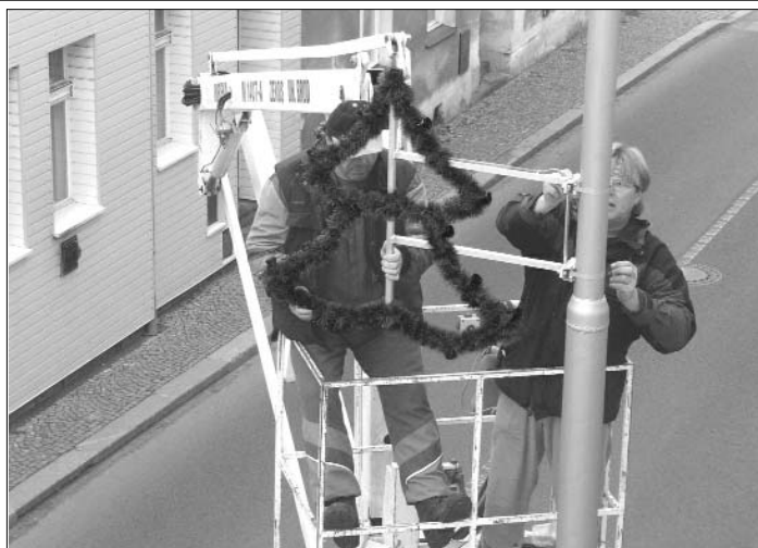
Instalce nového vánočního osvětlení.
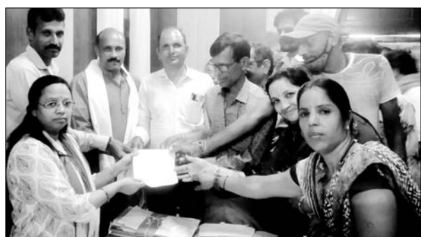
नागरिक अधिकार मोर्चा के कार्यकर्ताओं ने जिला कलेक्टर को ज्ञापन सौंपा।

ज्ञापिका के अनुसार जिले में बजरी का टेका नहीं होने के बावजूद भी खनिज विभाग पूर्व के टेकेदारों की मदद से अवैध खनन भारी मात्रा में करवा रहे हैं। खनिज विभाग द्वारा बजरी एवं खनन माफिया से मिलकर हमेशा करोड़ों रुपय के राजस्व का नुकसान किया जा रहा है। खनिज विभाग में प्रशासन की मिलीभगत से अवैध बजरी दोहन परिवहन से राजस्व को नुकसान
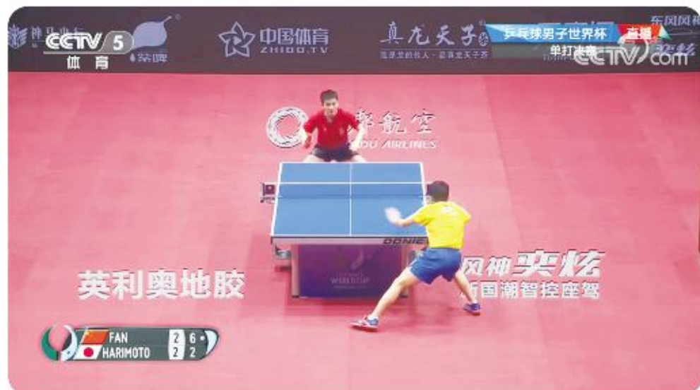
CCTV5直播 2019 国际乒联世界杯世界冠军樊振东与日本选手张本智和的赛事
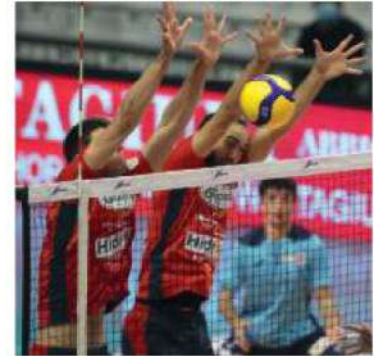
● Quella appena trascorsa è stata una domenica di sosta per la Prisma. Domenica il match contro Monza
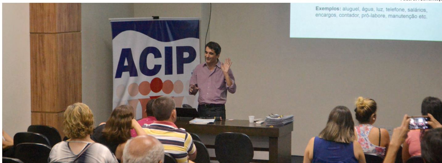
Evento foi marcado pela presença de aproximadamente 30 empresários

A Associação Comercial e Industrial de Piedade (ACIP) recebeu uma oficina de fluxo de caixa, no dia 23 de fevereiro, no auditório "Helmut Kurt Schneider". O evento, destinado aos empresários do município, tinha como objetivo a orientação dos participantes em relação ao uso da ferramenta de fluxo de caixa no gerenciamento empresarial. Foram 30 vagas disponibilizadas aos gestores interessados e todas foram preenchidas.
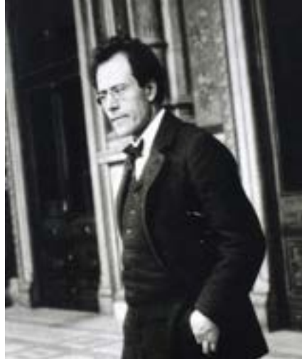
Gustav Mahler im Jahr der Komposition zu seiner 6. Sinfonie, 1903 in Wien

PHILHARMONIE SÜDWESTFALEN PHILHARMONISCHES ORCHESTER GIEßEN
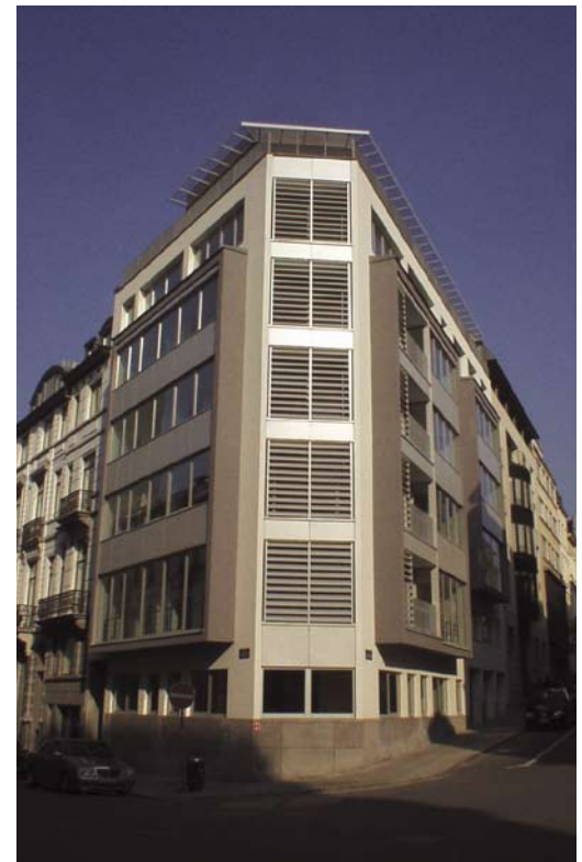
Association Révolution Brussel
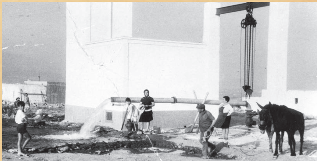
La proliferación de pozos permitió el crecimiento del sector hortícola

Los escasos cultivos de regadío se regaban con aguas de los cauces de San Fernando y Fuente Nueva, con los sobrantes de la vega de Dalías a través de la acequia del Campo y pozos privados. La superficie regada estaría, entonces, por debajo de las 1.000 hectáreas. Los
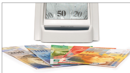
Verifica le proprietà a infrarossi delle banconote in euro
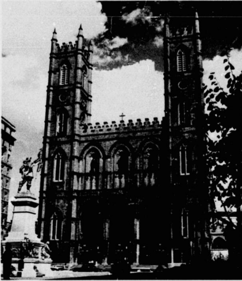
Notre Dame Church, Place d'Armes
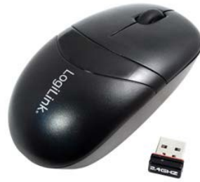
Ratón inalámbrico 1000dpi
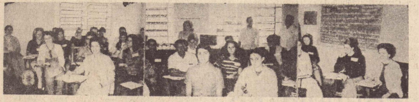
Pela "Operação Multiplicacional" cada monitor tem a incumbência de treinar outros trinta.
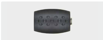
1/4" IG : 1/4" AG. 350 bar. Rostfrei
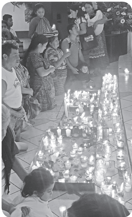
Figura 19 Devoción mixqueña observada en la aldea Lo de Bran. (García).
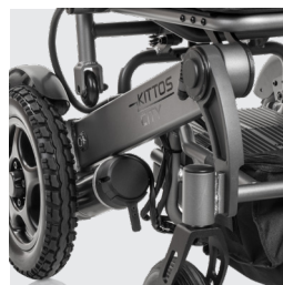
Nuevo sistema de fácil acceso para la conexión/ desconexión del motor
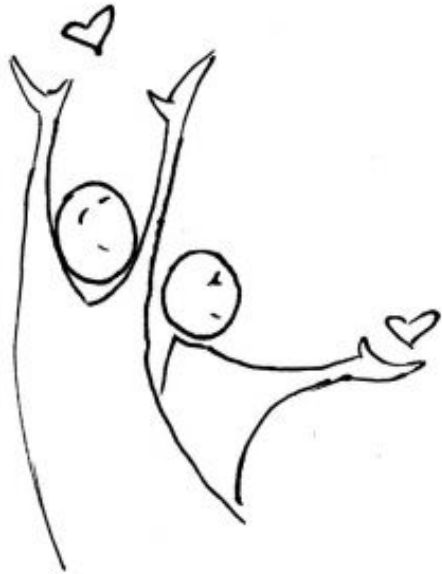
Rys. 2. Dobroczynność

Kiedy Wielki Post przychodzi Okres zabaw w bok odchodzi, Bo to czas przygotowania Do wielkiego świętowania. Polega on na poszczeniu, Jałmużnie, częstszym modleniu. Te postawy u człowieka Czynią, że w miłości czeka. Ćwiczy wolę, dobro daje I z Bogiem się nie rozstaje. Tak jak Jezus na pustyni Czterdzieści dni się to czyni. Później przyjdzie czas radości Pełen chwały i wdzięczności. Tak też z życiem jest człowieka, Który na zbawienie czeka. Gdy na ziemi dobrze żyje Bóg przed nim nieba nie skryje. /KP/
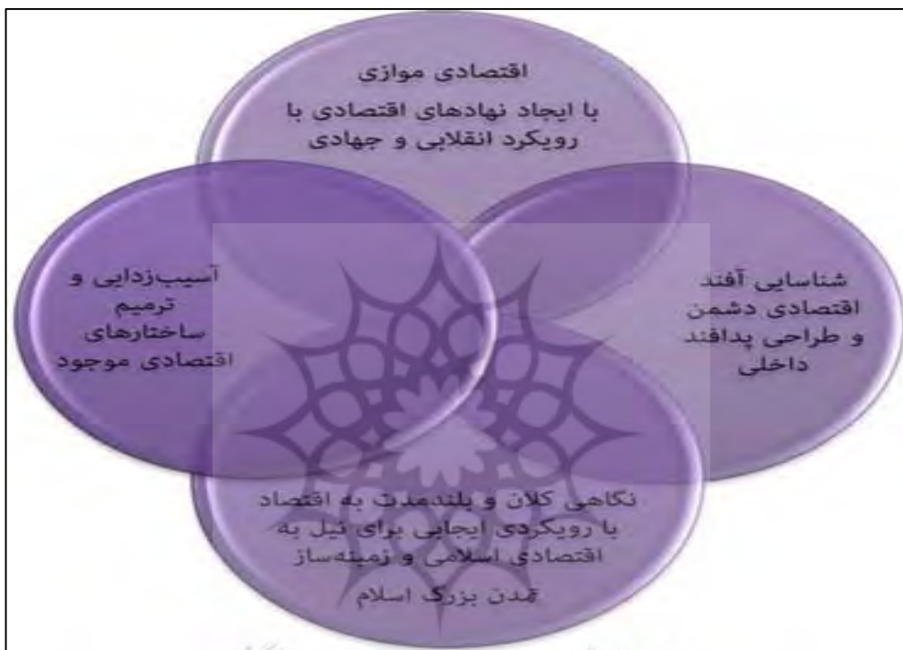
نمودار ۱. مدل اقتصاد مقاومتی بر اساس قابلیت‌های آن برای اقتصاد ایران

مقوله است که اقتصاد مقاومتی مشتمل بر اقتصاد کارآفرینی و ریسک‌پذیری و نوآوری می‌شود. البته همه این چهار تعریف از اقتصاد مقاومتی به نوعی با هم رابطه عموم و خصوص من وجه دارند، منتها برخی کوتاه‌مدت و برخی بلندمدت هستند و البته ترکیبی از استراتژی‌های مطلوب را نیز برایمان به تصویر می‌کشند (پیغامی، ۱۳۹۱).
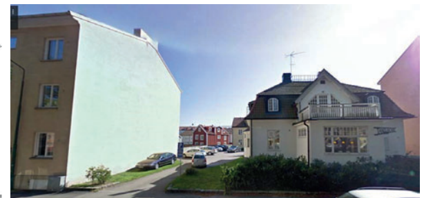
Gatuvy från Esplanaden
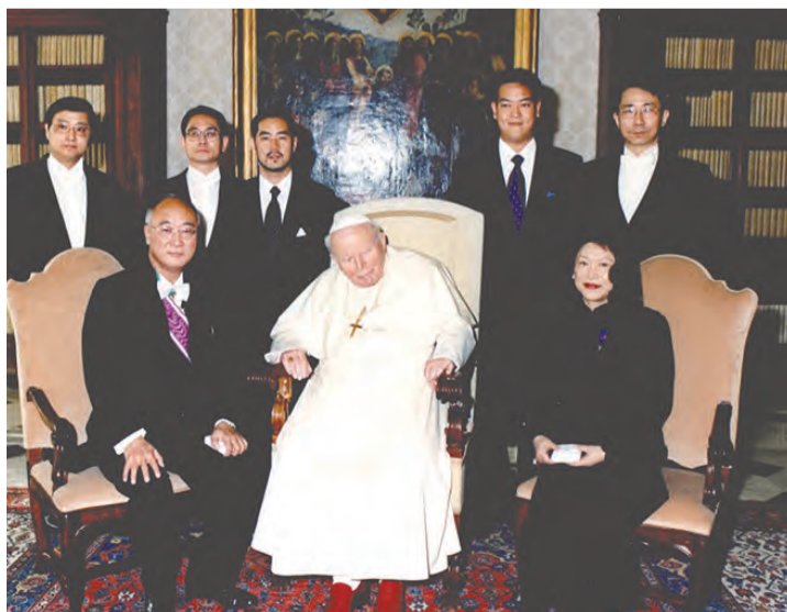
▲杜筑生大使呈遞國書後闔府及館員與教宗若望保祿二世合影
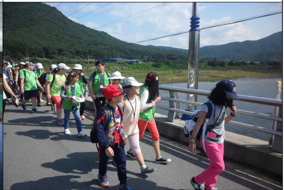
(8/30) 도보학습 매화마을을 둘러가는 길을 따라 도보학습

^^^^

- Task goal: Any picture found in the data is to be skipped while the rest is copied exactly.

- The answer:
Instalce nového vánočního osvětlení.
नागरिक अधिकार मोर्चा के कार्यकर्ताओं ने जिला कलेक्टर को ज्ञापन सौंपा।

ज्ञापिका के अनुसार जिले में बजरी का टेका नहीं होने के बावजूद भी खनिज विभाग पूर्व के टेकेदारों की मदद से अवैध खनन भारी मात्रा में करवा रहे हैं। खनिज विभाग द्वारा बजरी एवं खनन माफिया से मिलकर हमेशा करोड़ों रुपय के राजस्व का नुकसान किया जा रहा है। खनिज विभाग में प्रशासन की मिलीभगत से अवैध बजरी दोहन परिवहन से राजस्व को नुकसान
CCTV5直播 2019 国际乒联世界杯世界冠军樊振东与日本选手张本智和的赛事
● Quella appena trascorsa è stata una domenica di sosta per la Prisma. Domenica il match contro Monza
Evento foi marcado pela presença de aproximadamente 30 empresários

A Associação Comercial e Industrial de Piedade (ACIP) recebeu uma oficina de fluxo de caixa, no dia 23 de fevereiro, no auditório "Helmut Kurt Schneider". O evento, destinado aos empresários do município, tinha como objetivo a orientação dos participantes em relação ao uso da ferramenta de fluxo de caixa no gerenciamento empresarial. Foram 30 vagas disponibilizadas aos gestores interessados e todas foram preenchidas.
Gustav Mahler im Jahr der Komposition zu seiner 6. Sinfonie, 1903 in Wien

PHILHARMONIE SÜDWESTFALEN PHILHARMONISCHES ORCHESTER GIEßEN
Association Révolution Brussel
La proliferación de pozos permitió el crecimiento del sector hortícola

Los escasos cultivos de regadío se regaban con aguas de los cauces de San Fernando y Fuente Nueva, con los sobrantes de la vega de Dalías a través de la acequia del Campo y pozos privados. La superficie regada estaría, entonces, por debajo de las 1.000 hectáreas. Los
Verifica le proprietà a infrarossi delle banconote in euro
Notre Dame Church, Place d'Armes
Ratón inalámbrico 1000dpi
Pela "Operação Multiplicacional" cada monitor tem a incumbência de treinar outros trinta.
1/4" IG : 1/4" AG. 350 bar. Rostfrei
Figura 19 Devoción mixqueña observada en la aldea Lo de Bran. (García).
Nuevo sistema de fácil acceso para la conexión/ desconexión del motor
Rys. 2. Dobroczynność

Kiedy Wielki Post przychodzi Okres zabaw w bok odchodzi, Bo to czas przygotowania Do wielkiego świętowania. Polega on na poszczeniu, Jałmużnie, częstszym modleniu. Te postawy u człowieka Czynią, że w miłości czeka. Ćwiczy wolę, dobro daje I z Bogiem się nie rozstaje. Tak jak Jezus na pustyni Czterdzieści dni się to czyni. Później przyjdzie czas radości Pełen chwały i wdzięczności. Tak też z życiem jest człowieka, Który na zbawienie czeka. Gdy na ziemi dobrze żyje Bóg przed nim nieba nie skryje. /KP/
نمودار ۱. مدل اقتصاد مقاومتی بر اساس قابلیت‌های آن برای اقتصاد ایران

مقوله است که اقتصاد مقاومتی مشتمل بر اقتصاد کارآفرینی و ریسک‌پذیری و نوآوری می‌شود. البته همه این چهار تعریف از اقتصاد مقاومتی به نوعی با هم رابطه عموم و خصوص من وجه دارند، منتها برخی کوتاه‌مدت و برخی بلندمدت هستند و البته ترکیبی از استراتژی‌های مطلوب را نیز برایمان به تصویر می‌کشند (پیغامی، ۱۳۹۱).
Gatuvy från Esplanaden
▲杜筑生大使呈遞國書後闔府及館員與教宗若望保祿二世合影
(8/30) 도보학습 매화마을을 둘러가는 길을 따라 도보학습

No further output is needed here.